MATH 4321. ABSTRACT ALGEBRA II (3-0) Rings and field theory, including polynomial rings and field extensions. Prerequisite: C or better in MATH 3321.

MATH 4322. INTRODUCTION TO COMPLEX VARIABLES (3-0) An introduction to the theory of functions of a complex variable and also an introduction to applications including uses of the residue theory, contour integration and conformal mapping. Prerequisite: C or better in MATH 2326.

MATH 4324. INTRODUCTION TO PARTIAL DIFFERENTIAL EQUATIONS (3-0) Methods of solutions of selected elliptic, parabolic, and hyperbolic partial differential equations with reference to physical applications.
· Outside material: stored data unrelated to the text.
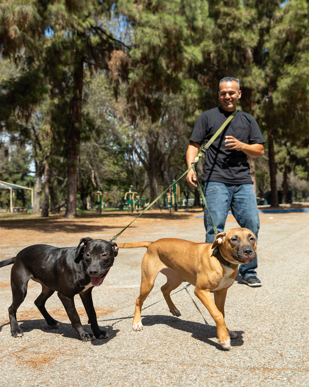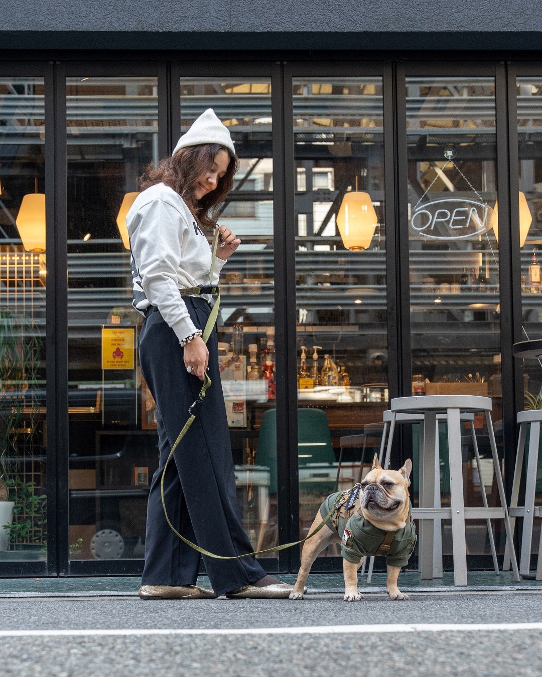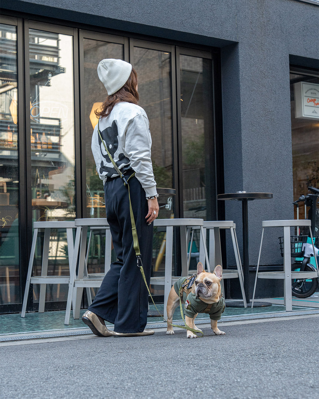 肩掛けや腰での装着が可能なリーシュです。両手が空くので、物の出し入れやスマホの操作がしやすく便利です。
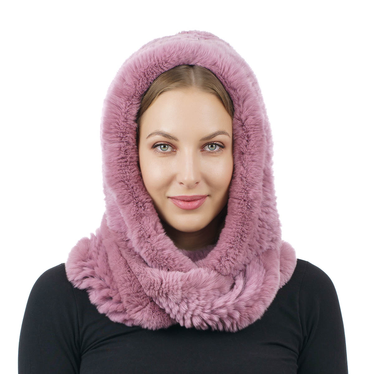 Κουκούλα με Ενσωματωμένο Κασκόλ από Φυσική Γούνα Rex ΚΩΔ : 006-009 Ροζ
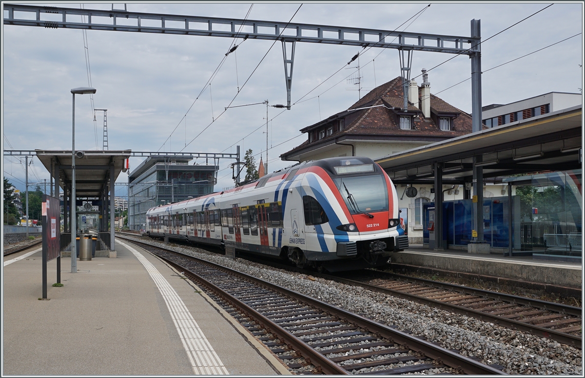 Eine SBB Re 460 ist mit einem IR 90 von Brig nach Genève Aéroport in Versoix unterwegs.

Prerequisite: C or better in MATH 3318 or MATH 3319.

MATH 4334. ADVANCED MULTIVARIABLE CALCULUS (3-0) The properties of continuous mappings from N-dimensional Euclidean space to M-dimensional Euclidean space; an introduction to differential forms and vector calculus, based upon line integrals, surface integrals, and the general Stokes theorem. Prerequisite: C or better in MATH 3335.

MATH 4335. ANALYSIS II (3-0) Integration, sequences and series of functions, and metric spaces. Prerequisite: C or better in MATH 3335.

MATH 4345. NUMERICAL ANALYSIS & COMPUTER APPLICATIONS II (2-2) Numerical solutions for ordinary differential equations, boundary value problems, minimizations of multivariate functions, and methods of least squares. Prerequisite: C or better in MATH 3345.

MATH 4381. MATHEMATICS RESEARCH (3-0) Formulation and definition of research problems, the formulation and execution of strategies of solution, and the presentation of results. Prerequisite: consent of instructor. Recommendation by other faculty encouraged.

MATH 4391. SPECIAL TOPICS IN MATHEMATICS (0-0) Special topics in mathematics are assigned to individuals or small groups. Faculty members closely supervise the projects and assign library reference material. Small groups will hold seminars at suitable intervals. May be repeated for credit. Prerequisite: senior standing and written permission of the instructor & department chair.

MATH 4392. ADVANCED TOPICS IN MATHEMATICS (3-0) Varies from semester to semester. New developments in mathematics, in-depth study of a topic not covered in other courses, or a special faculty expertise made available to undergraduates. May be repeated for credit as topic varies. Prerequisite: permission of instructor.

MATH 4393. HONORS THESIS/SENIOR PROJECT (0-0) Required of all students in the University Honors College. During the senior year the student must complete a thesis or a project under the direction of a faculty member in the math department. Prerequisite: enrollment in the University Honors College and written permission of the instructor and chair.

MATH 4394. UNDERGRADUATE RESEARCH EXPERIENCES (3-0) Research under faculty supervision and mentorship involving collaboration within a small group. The topic varies from semester to semester, is determined by the faculty teaching the course, and is announced in advance. The course promotes active learning based on inquiry, development of higher-order thinking skills, and meaningful scientific research. Prerequisite: consent of instructor.

MATH 4411. SIMULATION OF RANDOM PROCESS (4-0) A study of processes, whose outcomes are governed by chance, through a combination of lectures and computer lab sessions. Experiments include random number generation, coin tossing and other games of chance, random walks, Markov Chains, Poisson processes, birth-death processes, branching processes, and Brownian Motion. A foundation for modeling random phenomena in sciences, engineering and business. Prerequisite: C or better in MATH 2326 and knowledge of basic probability (MATH 3313 or equivalent).